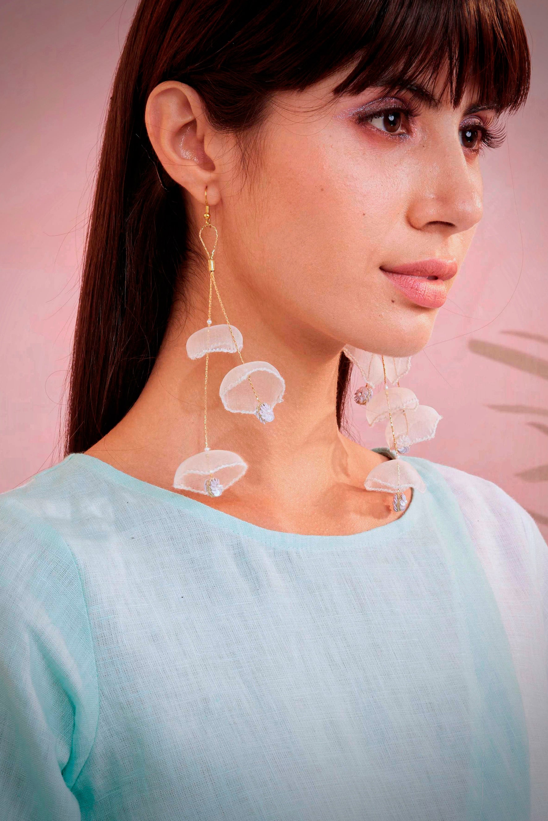 Unique hand embroidered earrings with sequin work. Delicate handcrafted, light weight and exquisite that will add to your collection of ear rings.
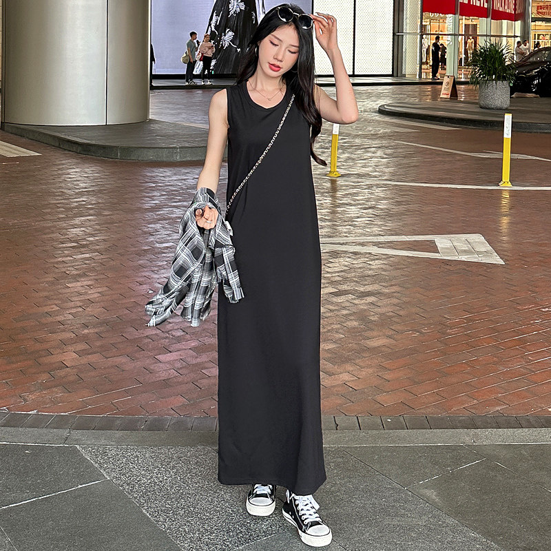 黑色吊带连衣裙垂感无袖背心裙女春夏宽松内搭裙子直筒高级感长裙
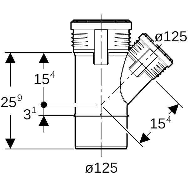 Geberit Abzweig Silent PP DN 125/125, 45Grad, schalloptimiert
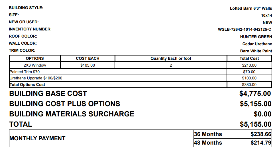 10x14 side lofted barn painted cedar with white trim and a green metal roof. This one comes with the following options:
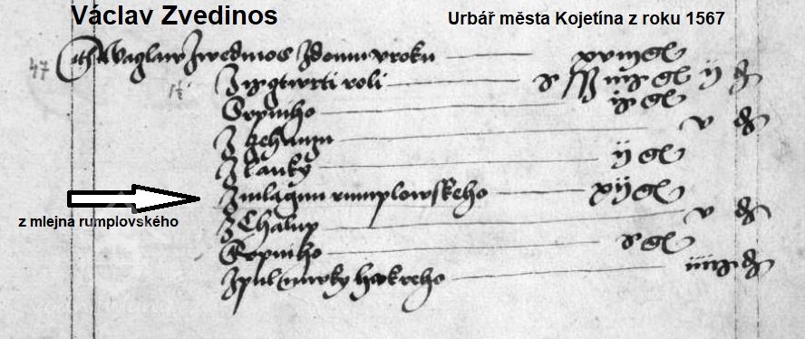 Dnes již neexistující mlýn, o kterém je zmínka v Urbáři panství města Kojetína z roku 1567. Za působení mlynáře Václava Zvedinose mlýn vyhořel, avšak po obnově jeho provozu, byl v roce 1579 vrchností zrušen.
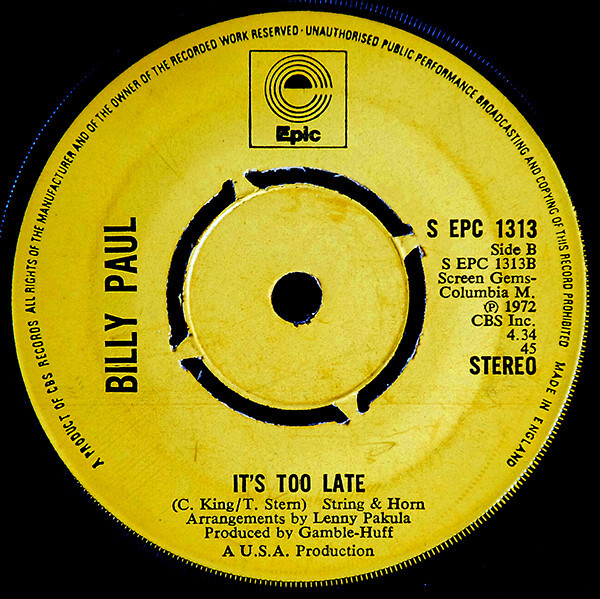 3. Billy Paul Brown Baby USED VINYL 7INCH 45 RPM SINGLE STEREO
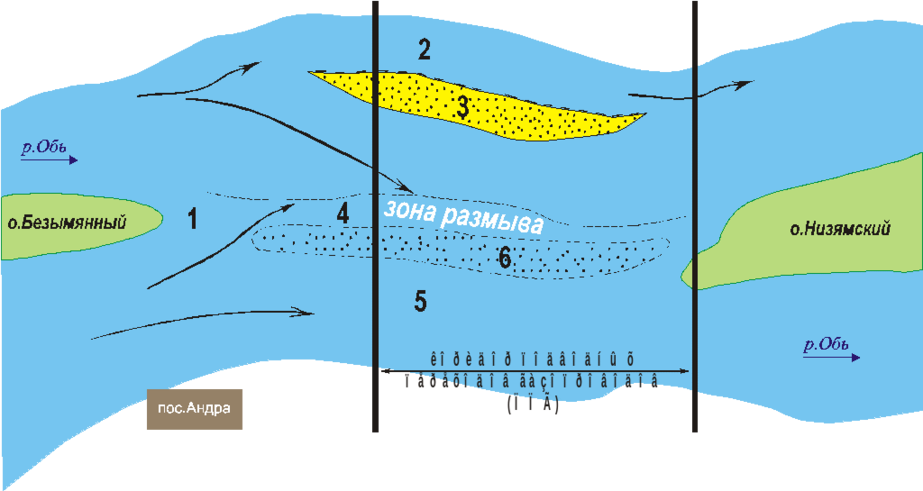 | Рис. 5. Схема участка исследований (р.Обь, участок ППГ, пос.Андра) 1- русло реки; 2- протока; 3- отторгнутый побочень; 4- зона размыва в левобережной части русла; 5- правобережная часть русла; 6- осередок |
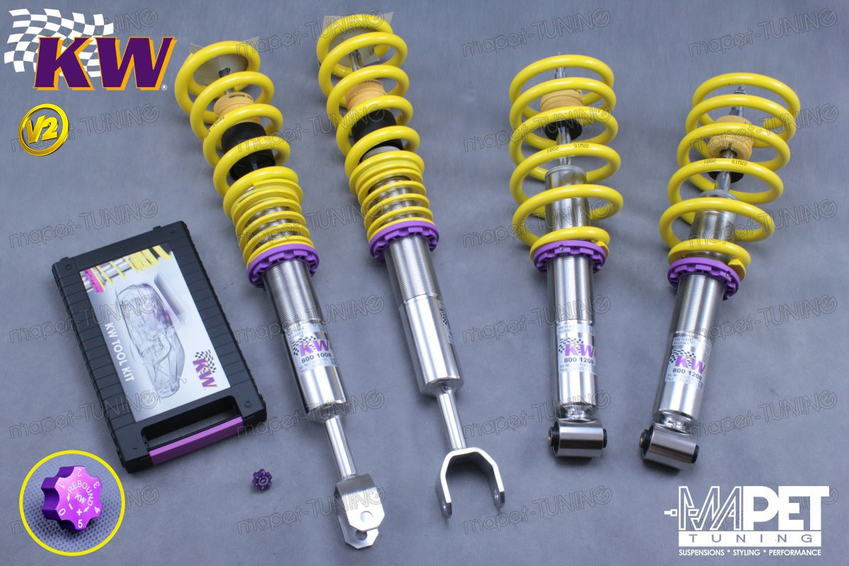 Zestaw zawieszenia gwintowanego KW V2 “inox-line” oferuje 16 stopniową regulację. Regulacja siły tłumienia pozwala na zmianę charakterystyki prowadzenia samochodu na przykład po zmianie kół/opon na inny rozmiar, bądź po założeniu opon zimowych. W zależności od własnych upodobań odporne na warunki atmosferyczne zawieszenie KW może być ustawione sztywniej, bądź bardziej komfortowo. KW V2 przeznaczone jest dla kierowców ze sportowym zacięciem, którzy potrzebują więcej niż jedynie regulacja wysokości

● ● ● ●

Print out the entries above word for word from the first line to the line containing "6- осередок |", both included, omitting the pictures.

 Unique hand embroidered earrings with sequin work. Delicate handcrafted, light weight and exquisite that will add to your collection of ear rings.
 黑色吊带连衣裙垂感无袖背心裙女春夏宽松内搭裙子直筒高级感长裙
 Geberit Abzweig Silent PP DN 125/125, 45Grad, schalloptimiert
 10x14 side lofted barn painted cedar with white trim and a green metal roof. This one comes with the following options:
 Dnes již neexistující mlýn, o kterém je zmínka v Urbáři panství města Kojetína z roku 1567. Za působení mlynáře Václava Zvedinose mlýn vyhořel, avšak po obnově jeho provozu, byl v roce 1579 vrchností zrušen.
 3. Billy Paul Brown Baby USED VINYL 7INCH 45 RPM SINGLE STEREO
 | Рис. 5. Схема участка исследований (р.Обь, участок ППГ, пос.Андра) 1- русло реки; 2- протока; 3- отторгнутый побочень; 4- зона размыва в левобережной части русла; 5- правобережная часть русла; 6- осередок |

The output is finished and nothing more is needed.